For those who have been reading my novels, I’m requesting that you post reviews. Most are very old and the newer ones (Beyond Sundown and The Violin) don’t seem to have any at Amazon or Goodreads. Thanks in advance to those who do!

“Daughter of the Night” Free on Kindle for Five Days Only

Daughter of the Night tells the history of the Blood Countess, Elizabeth Bathori, and her obsession with the half-mad immortal Catherine Austra. It is both carefully researched history and historical fantasy, filled with legends of Hungary and Romania. It is a book that took a great deal of time and effort to write. As a stand-alone novel, and the earliest in the Austra series, it is a rewarding read for those unfamilier with my Austra family. Call them vampires or blood-drinking immortals, the Austras are magnificent — magnetic, creative, beautiful. I am pleased to share this novel with the world … and hope that, once read, you will want to read more of the  Austra family, the children of my mind.

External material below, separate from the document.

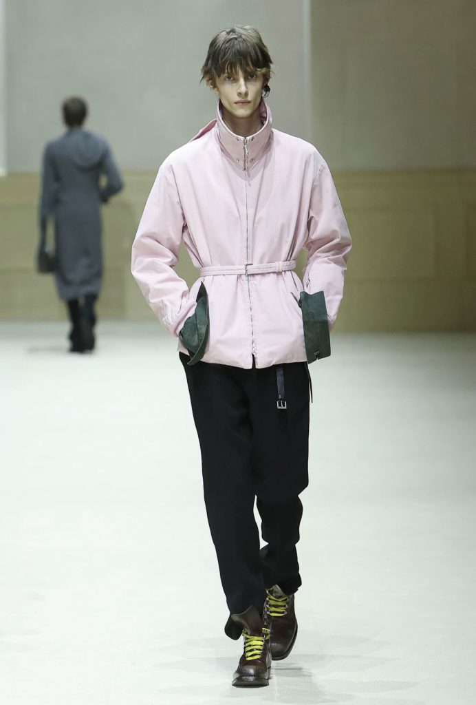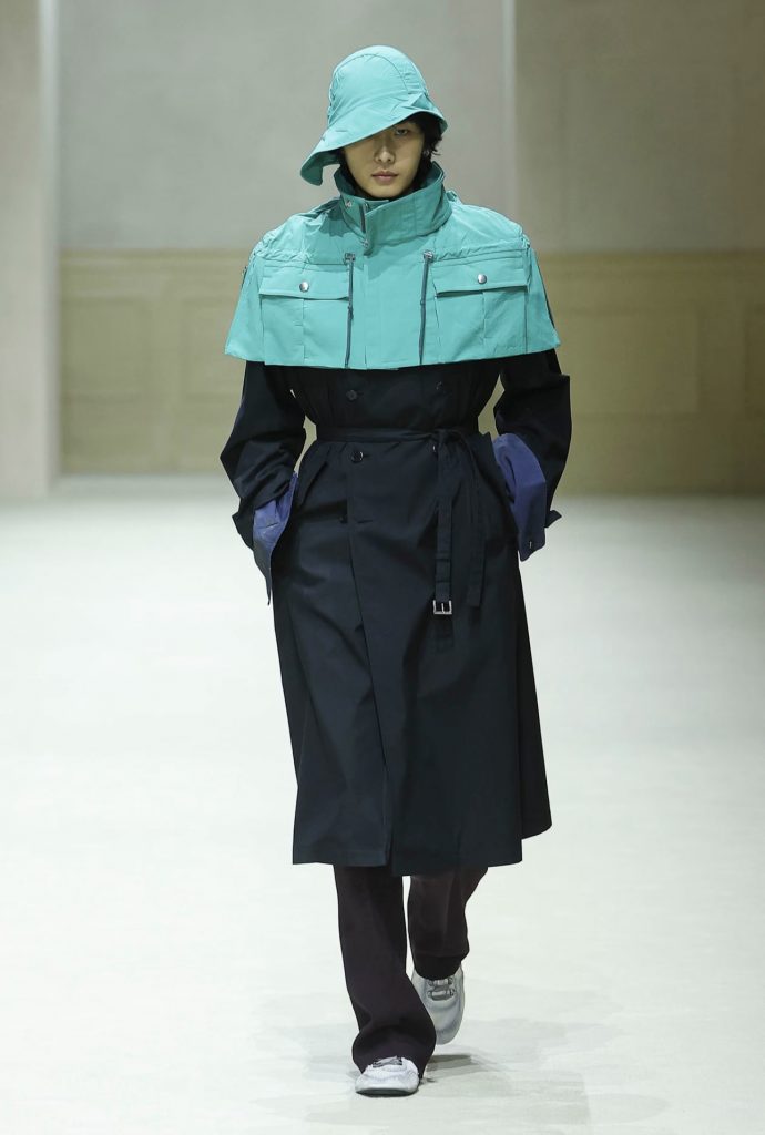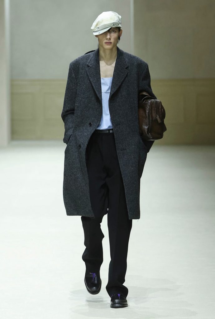 La collection se structure autour d’une garde-robe volontairement resserrée. Les manteaux occupent une place centrale : longs, souvent ceinturés, aux lignes nettes. Les manches s’étirent et dépassent, accentuant cette impression de protection. La palette reste sobre, dominée par des marrons, des bleus profonds, des gris et des beiges, ponctués de touches plus douces ou plus vives, utilisées avec parcimonie.

Daughter of the Night will be available free on Kindle from midnight Feb. 11 through Feb. 15. I’d ask that you share this announcement with others who love fantasy and vampire fiction . Thanks for your support. Elaine Bergstrom

Daughter of the Night…

…has just uploaded onto Kindle. I am in the process of converting all the books to other e-formats as well but it is far more complicated and my life is far too complicated already.

I am leaving for my first trip to Europe in a few days — Budapest, Prague and Vienna. This is a long-planned vacation, one that will hopefully get the creative juices flowing again. There are stories in me, just not sure how to get them out at present.

Good cheer to  you all … and may you all have good things to be thankful for.

Elaine

“The Violin” novella releases tomorrow on Kindle.

Gays, high school, bullying. Seemed like bullying awareness month was a good time to release it. As it is short, I’ve priced it at $2 — half the price of the novels. And though it is copyrighted and I would prefer be downloaded, it can be shared.

I recall being bullied in grade school — terribly so — and the result was being awfully socially inept in high school, though I managed to find my own self by college.But I came of age in a happier time. Today, bullies can be cowards, spewing their nasty comments from behind a cyber-wall and making their victims miserable out of school as well. Can bullying be prevented? Somewhat, but never stopped. It’s in our natures, probably coded in our DNA. So raise your kids to be kind. And pay attention.